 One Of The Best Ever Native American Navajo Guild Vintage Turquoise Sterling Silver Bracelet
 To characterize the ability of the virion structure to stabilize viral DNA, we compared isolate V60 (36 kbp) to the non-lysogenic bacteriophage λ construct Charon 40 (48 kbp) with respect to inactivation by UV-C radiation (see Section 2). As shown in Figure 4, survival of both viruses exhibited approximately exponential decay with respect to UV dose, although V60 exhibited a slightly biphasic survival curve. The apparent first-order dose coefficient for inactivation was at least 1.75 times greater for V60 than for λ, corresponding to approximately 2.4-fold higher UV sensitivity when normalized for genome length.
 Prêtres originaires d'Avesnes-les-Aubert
....................
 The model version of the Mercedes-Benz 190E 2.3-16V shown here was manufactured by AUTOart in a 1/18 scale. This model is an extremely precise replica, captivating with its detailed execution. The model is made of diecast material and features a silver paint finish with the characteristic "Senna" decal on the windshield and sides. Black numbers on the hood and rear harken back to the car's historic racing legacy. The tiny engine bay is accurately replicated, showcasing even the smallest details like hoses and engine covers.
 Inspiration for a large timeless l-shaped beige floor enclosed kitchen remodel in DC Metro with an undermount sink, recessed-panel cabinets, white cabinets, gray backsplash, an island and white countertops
....................
Take from the material above the lines running from the one with "The model version" through the one with "Inspiration for a", and repeat them exactly, with nothing else.

Response below =>
 The model version of the Mercedes-Benz 190E 2.3-16V shown here was manufactured by AUTOart in a 1/18 scale. This model is an extremely precise replica, captivating with its detailed execution. The model is made of diecast material and features a silver paint finish with the characteristic "Senna" decal on the windshield and sides. Black numbers on the hood and rear harken back to the car's historic racing legacy. The tiny engine bay is accurately replicated, showcasing even the smallest details like hoses and engine covers.
 Inspiration for a large timeless l-shaped beige floor enclosed kitchen remodel in DC Metro with an undermount sink, recessed-panel cabinets, white cabinets, gray backsplash, an island and white countertops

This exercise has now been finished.